Adams County underperformed the rest of Colorado in terms of its average household income, poverty rate and higher education achievement in 2011. The median household income in Adams County is $56,089 compared to $57,685 for the state of Colorado. The poverty rate in Adams County is 14.0% compared to 12.5% for the entire state. The U.S. Census also found that 20.7% of Adams County residents aged 25 years and older attained a bachelor's degree compared to 36.3% in Colorado as a whole.[6]

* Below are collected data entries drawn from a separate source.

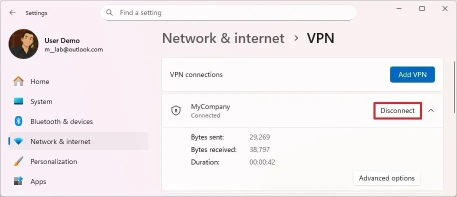 Để ngắt kết nối, bạn chỉ cần thực hiện ngược lại bằng cách nhấn vào nút Disconnect trong cùng giao diện quản lý.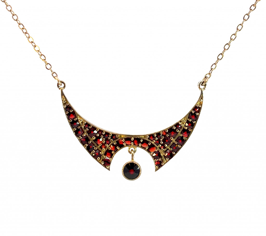 Výjimečný kolier vykládaný českými granáty ze stříbra o ryzosti 900/1000 s puncem zajíc. Celková váha je 5,75 g. Délka řetízku je 44 cm. Rozměry ozdoby jsou 13 x 40 mm. Značeno puncem G potvrzujícím pravost kamenů.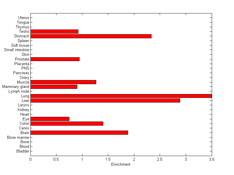 The expression level is normalized with tissue-library size. Each value for a gene in a tissue is a ratio of observed ESTs to the expected one in this tissue. The expected number of ESTs is the product of total ESTs of the gene and the fraction of total ESTs in the tissue among all ESTs in 30 tissues.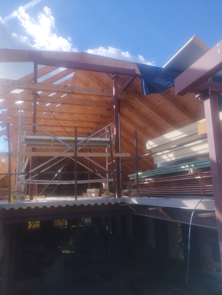 - pokračuje instalace konstrukce střechy na objektu A i B,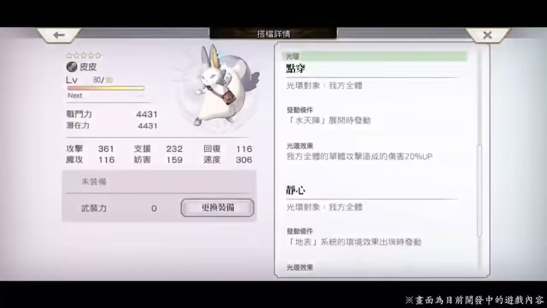 战斗开始时,若前排有四个【水】角色,进入【辉耀】状态,前排时技能倍率翻倍,使用任何伤害技能均会退出状态;退出状态后,仅能通过宠物技能重新进入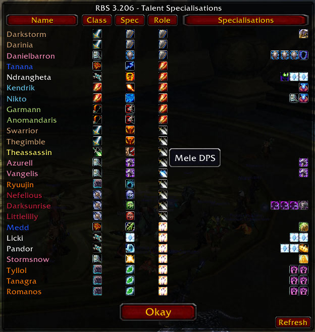 - Role information and main tank lists are parsed to be able to know who is a tank. A button, disabled by default, shows whom RBS thinks is a tank based on tank list, spec and roles.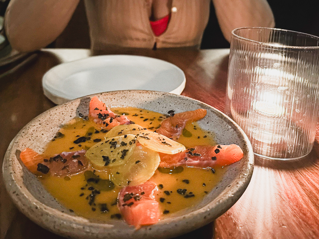 We began with the CRUDO CRIOLLO (Dry aged local Trout – Pickle – Salsa criolla – Roasted seaweed). Within moments of our first bites, we both relished the refined taste of lightly smoked trout.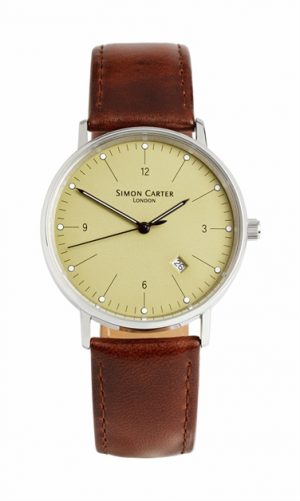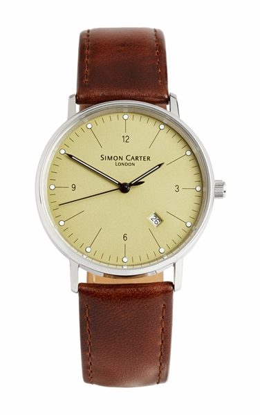 WT2201G. Understated watch with subdued ‘lichen’ coloured face, discreet numerals and bevelled inset date window. 37mm diameter by 7. 5mm deep. 5 ATM. Genuine leather padded strap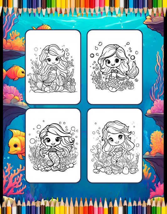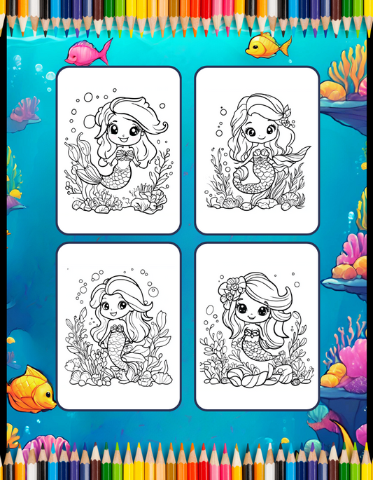 50 Pages Cute Easy Mermaid Coloring Book Gift for Kids Boys Girls Teens Sea Creature Happy Mermaid Coloring Book for Kids Ages 8-12 Toddlers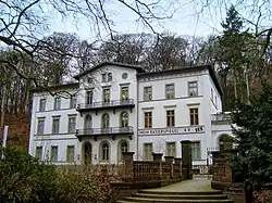 for which an artificial hill, called Springenberg, was raised. On the hilltop is an obelisk, on the hillside a decorative amphitheatre, and at its foot there is another park marked by a long body of water. The neighbouring 🌍 Forstgarten ("forest garden").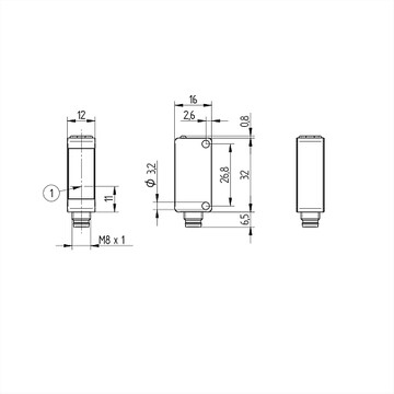 Czujnik optyczny typu bariera firmy Wenglor, zakres=10000 mm, nadajnik, zasilanie 10...30 V DC, IP67/IP68, podłączenie konektor M8-3 pin, materiał korpusu tworzywo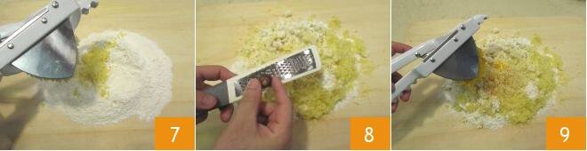 Press the warm potatoes through a ricer 7. Season with salt and pepper. Aromatize the dough with nutmeg 8 and press the warm pumpkin through the ricer as well 9.

Racial Demographics, 2012[6]
Race Adams County (%) State (%)
White 87.4 88.1
Black or African American 3.5 4.3
American Indian and Alaska Native 2.2 1.6
Asian 3.9 3.0
Native Hawaiian and Other Pacific Islander 0.2 0.2
Two or More Races 2.8 2.8
Hispanic or Latino 38.4 21.0

Party Affiliation, 2013[7]
Party Registered Voters  % of Total
Unaffiliated 96,016 37.65
Democratic 91,925 36.04
Republican 64,406 25.25
Libertarian 1,665 0.65
American Constitution 599 0.23
Green 440 0.18

Note: The United States Census Bureau considers "Hispanic or Latino" to be a place of origin, not a race. Therefore, the Census allows citizens to report both their race and that they are from a "Hispanic or Latino" place of origin simultaneously. As a result, the percentages in each column of the racial demographics table will exceed 100 percent. Each column will add up to 100 percent after removing the "Hispanic or Latino" place of origin percentages, although rounding by the Census Bureau may make the total one- or two-tenths off from being exactly 100 percent.[8] This Ballotpedia page provides a more detailed explanation of how the Census Bureau handles race and ethnicity in its surveys.